Melissa kindly wrote a piece about the setting of the novel and sent some gorgeous photos too.
SETTING
I have been asked a lot about the setting of Beyond the Sea, and why I chose the Hebrides as the landscape in which the action of the novel plays out.
Interestingly, while the book emerged from a single image of a woman, her hair turned white in grief, standing alone by the sea, a lighthouse in the near distance behind her, I think I probably knew even then, way back in the beginning when I didn’t know much else, that the woman was standing on a beach in the Hebrides. It’s a part of the world that I love. I’m drawn to its wildness, the stark rawness of its beauty, the fact that the weather can change in an instant, sunshine becoming rain becoming sleet. It is brutal, elemental, timeless - craggy mountain ranges, desolate moorlands, restless ever shifting seas. And yet, I feel there is also something redemptive, magical almost about this landscape. The sea takes away, and yet it also gives back. It is an endless, eternal pattern. The sea is often death, but it is also life. So the remote fringes of the British Isles, the untamed edges of civilisation, seemed a very natural and fitting backdrop for a woman touched by devastating loss, her emotions as turbulent and fast changing as the winds or the tides, but perhaps moving slowly towards redemption.

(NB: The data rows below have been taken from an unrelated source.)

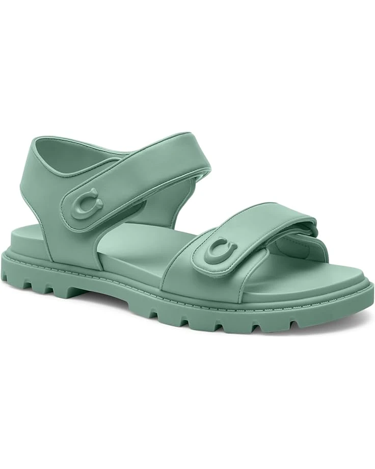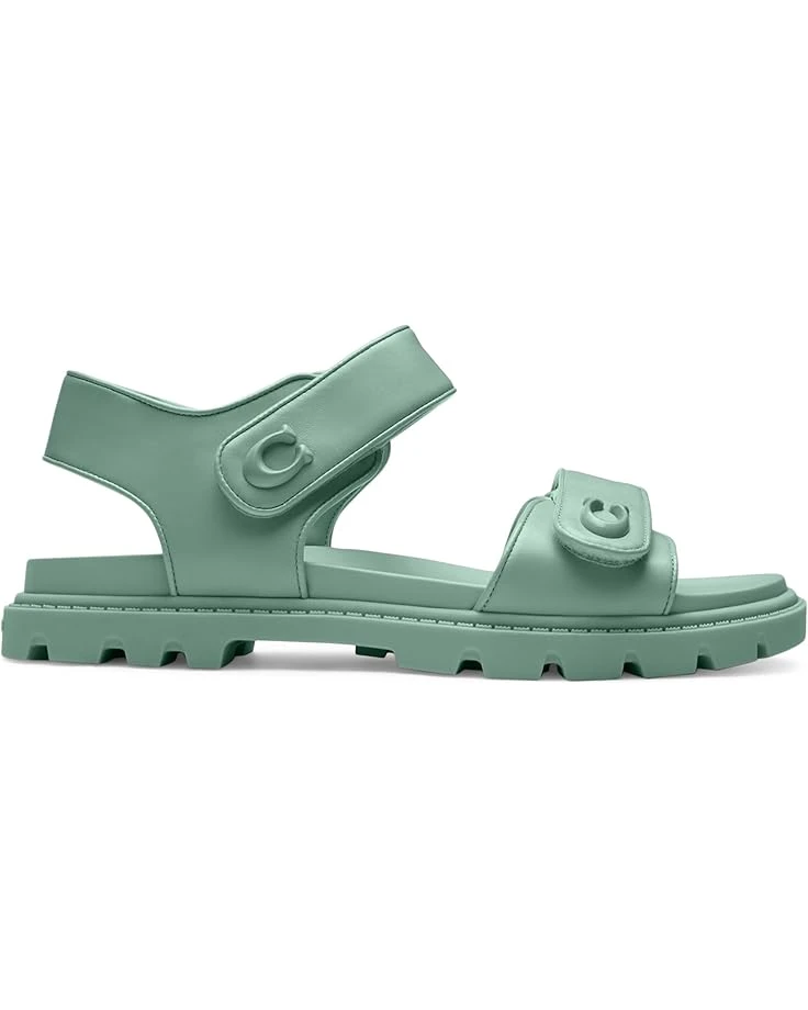 - Step out in effortless style in the COACH® Brynn Leather Sandal. These sandals feature a round, open toe silhouette, branding hardware on straps, a canvas and man-made leather upper, man-made leather lining and insole, and adjustable hook-and-loop closure straps.
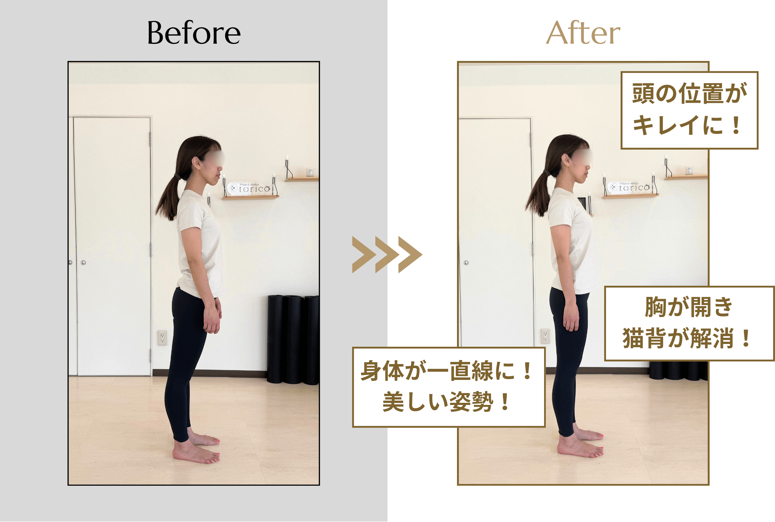 反り腰で身体が前に傾いてしまう姿勢でしたが、3人制レッスンで頭・肩・腰・足首など全身の位置が整い、猫背や反り腰も改善。まっすぐで綺麗な姿勢になることができました。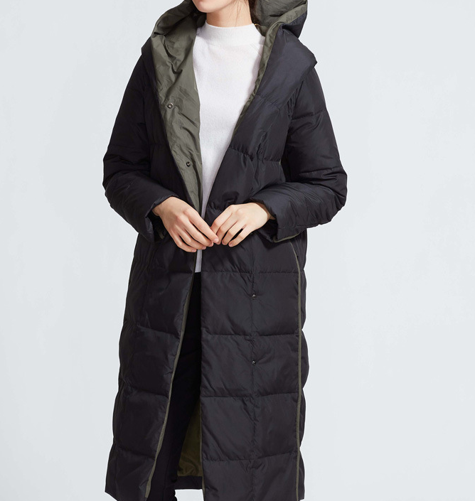 This is a winter down jacket fill with down.we design it with a very thick and warm style.this hooded down jacket could keep you very warm in the cold winter.the side pockets is very useful.a unique design women winter coat.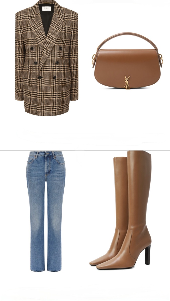 Весна 2026 года обещает быть эпохой смелых экспериментов и изысканной элегантности. В этой подборке представлены пять образов от Ив Сен-Лорана, которые воплощают модные тенденции сезона и классическое видение стиля. Надеюсь, они вдохновят вас на создание своего неповторимого образа. Перед нами яркий пример фирменного стиля Saint Laurent, где классика и современность гармонично сочетаются. Центральным элементом образа выступает объёмный двубортный пиджак, который напоминает мужские модели, но благодаря особой интерпретации приобретает женственность и элегантность.Классические синие джинсы разбавляют строгость пиджака, придавая образу лёгкость и актуальность. Прямой крой, который стал настоящим хитом сезона, подчёркивает фигуру и универсален в носке.Коричневые кожаные сапоги до колена — это практичное и стильное решение.Завершающим штрихом выступает компактная коричневая кожаная сумка. Он подойдёт как для деловых мероприятий, так и для прогулок по городу. Этот образ лаконичен, но выраз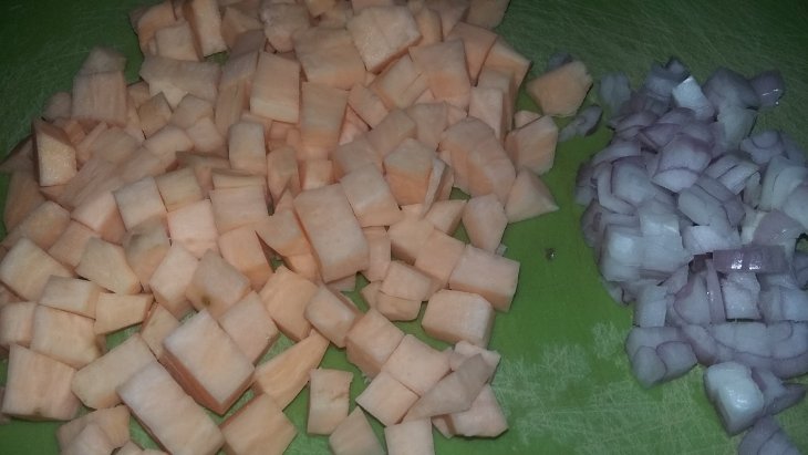 Лук и батат (при желании можно заменить тыквой) порезала мелкими кубиками.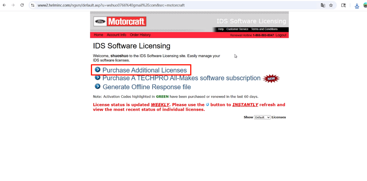 1. Click Diagnostic Tool Support > Software, and choose a desired OEM diagnostic software. Click Purchase Software.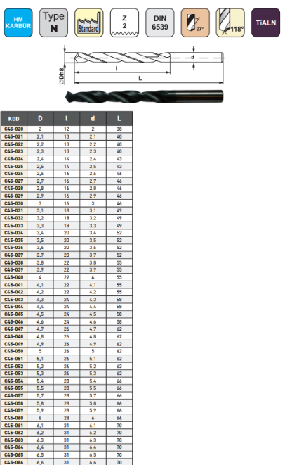 PLD 3.6x20x52mm Karbür Matkap Ucu Din6539 Tialn

The lighthouse was also crucial in establishing the mood of the novel. To me, lighthouses evoke images of keepers tending a light at night, keeping vigil during both calm and storm. They are symbols of sanctuary, of hope, of light in the darkness. Yet they are simultaneously the quintessential symbol of loneliness and isolation – solitary towers aloft in the middle of the ocean, battered by the elements. Therefore it too seemed to be a wholly appropriate place for the woman to live – a very visual image of her emotional state.
As I started to plot the novel in more detail, the woman became Freya, whose husband and son vanish at sea the year before the novel begins. She returns to the lighthouse they once called home, seeking solace, trying to move beyond her grief. Beyond the Sea is the story of her journey. But it also tells the story of the Hebrides, the lighthouse and the sea – all characters in their own right.